Why is USB data transfer to an onboard sd card so slow?

I mounted a SanDisk Extreme Pro memory card in the Xperia 5 and I bought a new USB 3.1 gen 2 compatible USB C to USB C lead and connected it to a brand new Dell 7000 laptop with a gen 9 Core i7 processor, 16Gb of RAM and a Thunderbolt port that should have been more than capable of very fast transfers on to the USB 3.1 compatible cable and phone.

I connected the phone and started to transfer some folders of pics, vids, music and comics. It was as slow as waiting for poo to slide down the inside neck of a wine bottle (slight exaggeration but only slight). For about 8gb of stuff, the computer's dialogue box gave an estimated completion time of over a day!

It wasn't the computer's usual dialogue box (the one that shows you the graph, etc). It was a much simpler looking box. I take it that was because, in the phone's 'USB Preference' settings, it was checked, by default, for 'This Device' (the phone) to control the USB port. So I cancelled the extremely slow data transfer and tried to change the USB control preference to 'Connected Device', in the hope that the laptop could take control of it's own USB port and start a decent data transfer (and maybe show the familiar kind of Windows data transfer, dialogue box) . After a brief 'progress swirl' while it tried to change over it just said 'Couldn't change'. Why offer the option, then?!

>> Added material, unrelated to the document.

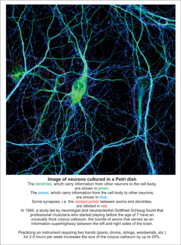 New Research Links Music Study and Increased Brain Size New research findings that show playing a musical instrument increases the size of the sound-processing area of the brain were published in the April 23 issue of Nature magazine. Neuroscientist Christo Pantev and colleagues at the University of Muenster in Germany used magnetic source imaging to compare the brains of skilled musicians and people who have never played a musical note. They discovered that the musicians' auditory cortex, which responds to pitching a sound on a piano, was about 25 percent larger than their non-musical counterparts. The researchers also found that the younger the musicians began their training, the more the cortex developed. Pantev told the Reuters News Service in April that the brain processes acoustic stimuli, such as musical notes on a piano, as so-called tonotopic maps. Neurones--cells that transmit nerve impulses-- are grouped together on the maps in the brain according to pitch. But because musical tones are different from ordinary sounds, more neurons are needed to process the more complicated notes. A musician's training develops the area of the brain in a different way. More neurones are involved and are working more harmoniously, which Pantev said could explain how young musicians develop such extraordinary talent. The more experienced musicians had larger tonotopic maps. The study supports earlier research that showed a difference in the part of the brain controlling the left and right hand fingers of string musicians. "We found that the representation of the fingers of the left hand are bigger than the representation of the fingers of the right hand," Pantev told Reuters. Music makes us smarter According to research conducted at the University of California at Irvine. The positive effect of music has been understood for a long time. Plato once said that music "is a more potent instrument than any other for education." Now scientists know why. According to Newsweek magazine, music trains the brain for higher forms of thinking. Researchers at the UCI studied three year olds and found that after taking piano lessons and choir for 8 months, they became expert puzzle makers, scoring 80% higher than their playmates did in spatial intelligence. "Early music training can enhance a child's ability to reason'" says Irvine physicist Gordon Shaw. According to researchers these skills later translate into complex math and engineering skills. Shaw believes that as children listen to classical music they exercise their cortical neurons, which also strengthens circuits used for higher- order thinking skills. Einstein, who was a violinist, speaking about his theory of relativity said, "it occurred to me by intuition, and music was the driving force behind that intuition. The discovery was the result of musical perception." For more information check out the UCI web site : http://www.musica.uci.edu Your Brain on Music Ongoing research shows that classical music is good for the brain: The cerebellum is larger in classically trained musicians than in people who don't play a musical instrument, Dr. Gottfried Schlaug of Beth Israel Deaconess Medical Center in Boston reported at the Society of Neuroscience convention in 1998. The cerebellum is a region of the brain responsible for posture, balance, coordination and fine motor movements. Research pursued at the University of California , Irvine , led by psychologist Frances Rauscher, Ph.D, and neuroscientist Gordon Shaw, Ph.D., shows that there is "an unmistakable causal link between music and spatial intelligence, reversing the once commonly held view that music education is irrelevant to intellectual development." In this study in the mid-1990s, researchers concluded that spatial- reasoning abilities are crucial for such higher brain function such as music, complex mathematics and chess. Results showed that the spatial-reasoning performance of 18 preschool children who took eight months of music lessons far exceeded the spatial reasoning of a demographically comparable group of 15 preschool children who went without music lessons. A similar study in the late '90s by Shaw and Rauscher showed that children who received piano training performed 34 percent higher on tests measuring spatial temporal ability than children instructed in computers. "It has been clearly documented that young students have difficulty understanding the concepts of proportion (used in math and science) and that no successful program has been developed to teach these concepts in the school system. The high proportion of children who saw dramatic improvements in spatial-temporal reasoning as a result of musical training should be of great interest to scientists and educators," the research team noted. Students who study music scored higher on both the verbal and math portions of the SAT than did non-music students, according to the College Entrance Examination Boards, as reported in Symphony, 1996.

I had to remove the memory card from the phone, stick it in a tiny Kingston USB 2 card reader that I have and the transfer is going at about 16Mbps, with a completion estimate of 40 minutes.

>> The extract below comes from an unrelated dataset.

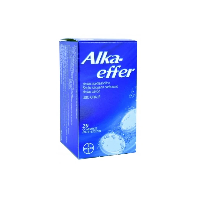 Posologia Adulti ALKAEFFER deve essere sempre sciolto completamente in acqua prima dell'assunzione, che deve avvenire a stomaco pieno: 1 o 2 compresse come dose singola in un bicchiere d'acqua, ripetendo, se necessario, la dose ad intervalli di 4-8 ore fino a 4 volte al giorno. Non superare mai il dosaggio giornaliero massimo di 8 compresse.Utilizzare sempre il dosaggio minimo efficace ed aumentarlo solo se non è sufficiente ad alleviare i sintomi (dolore o febbre). Usare il medicinale per il periodo più breve possibile, non assumere il prodotto per più di 3- 5 giorni senza il parere del medico. I soggetti maggiormente esposti al rischio di effetti indesiderati gravi, che possono usare il farmaco solo se prescritto dal medico, devono seguirne scrupolosamente le istruzioni (vedere paragrafo 4.4). Modo di somministrazione Assumere il medicinale preferibilmente dopo i pasti principali o, comunque, a stomaco pieno. Consultare il medico nel caso in cui i sintomi persistano. Popolazioni speciali Popolazione pediatrica ALKAEFFER non è indicato per l’uso nella popolazione pediatrica (vedere paragrafo 4.3) Anziani I pazienti anziani devono attenersi ai dosaggi minimi sopra indicati. Pazienti con compromissione della funzione epatica L’acido acetilsalicilico deve essere usato con cautela nei pazienti con compromissione della funzione epatica (vedere paragrafo 4.4). Pazienti con compromissione della funzione renale L’acido acetilsalicilico deve essere usato con cautela nei pazienti con compromissione della funzione renale (vedere paragrafo 4.4).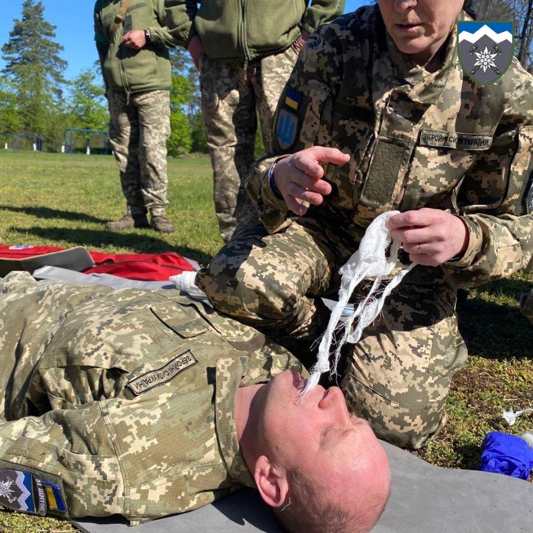 "Командир бригади, начальник штабу, офіцери, солдати уважно слухали ескулапів. Також кожен спробував застосувати почуте на практиці - правильно фіксувати джгут-турнікет на ногах та руках.Військові ставили питання-медики радо відповідали.

It's a sad day when Sony's newest 'USB 3.1 compatible' premium smartphone can't do a job (load about 8 Gig of stuff on to SanDisk's top of the range SD card) in less than a day, when a cheap USB 2 card reader can do it 40 minutes!

Anybody know of anything I can do or change to get it to work like it probably should? Or was it busy uploading all of my data to a cloud, or something, while I was doing the transfer?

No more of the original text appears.